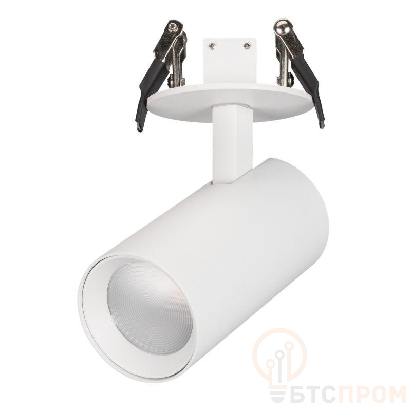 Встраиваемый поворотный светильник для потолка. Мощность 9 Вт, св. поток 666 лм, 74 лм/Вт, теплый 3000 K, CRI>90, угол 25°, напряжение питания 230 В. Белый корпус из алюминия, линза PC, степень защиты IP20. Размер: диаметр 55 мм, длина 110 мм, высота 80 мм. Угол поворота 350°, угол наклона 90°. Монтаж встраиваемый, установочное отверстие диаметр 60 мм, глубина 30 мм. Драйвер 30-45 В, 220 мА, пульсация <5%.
...
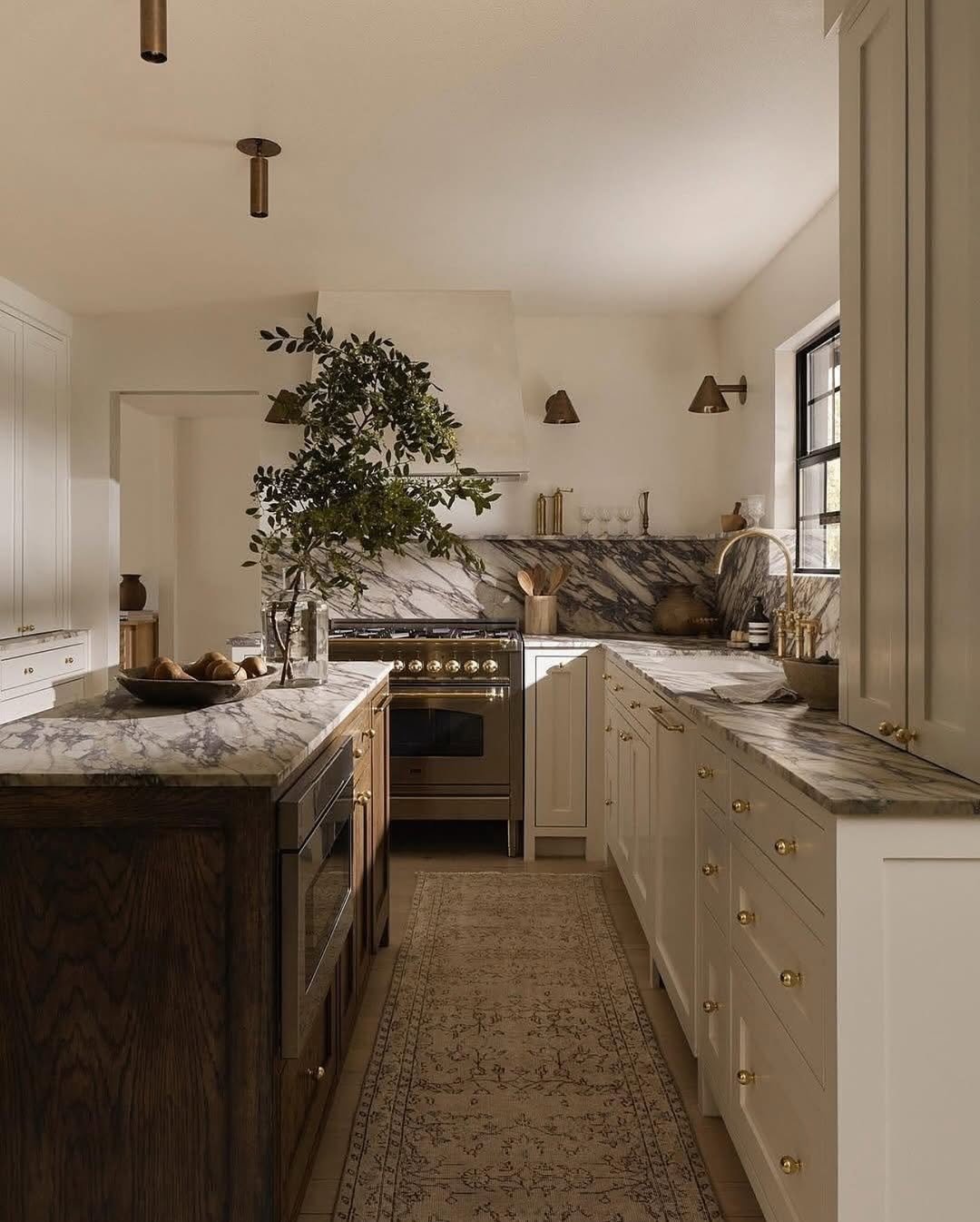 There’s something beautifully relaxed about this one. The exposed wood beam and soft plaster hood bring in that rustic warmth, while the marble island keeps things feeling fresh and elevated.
==
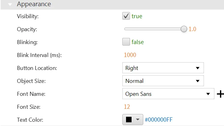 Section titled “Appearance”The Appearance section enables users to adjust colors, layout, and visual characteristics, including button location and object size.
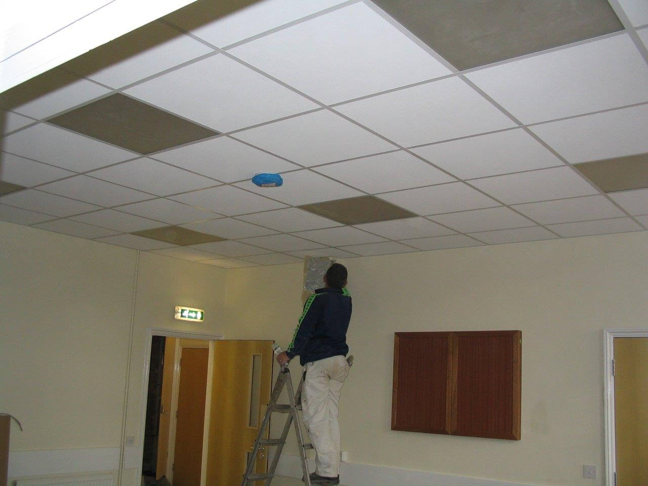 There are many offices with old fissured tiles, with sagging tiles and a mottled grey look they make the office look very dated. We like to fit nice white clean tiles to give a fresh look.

▸ **Work instructions**: Output exactly the lines above, beginning at the one with "and object size." and stopping after the one with "There are many". Pictures are to be omitted.

▸ **Task result**:
 Section titled “Appearance”The Appearance section enables users to adjust colors, layout, and visual characteristics, including button location and object size.
 There are many offices with old fissured tiles, with sagging tiles and a mottled grey look they make the office look very dated. We like to fit nice white clean tiles to give a fresh look.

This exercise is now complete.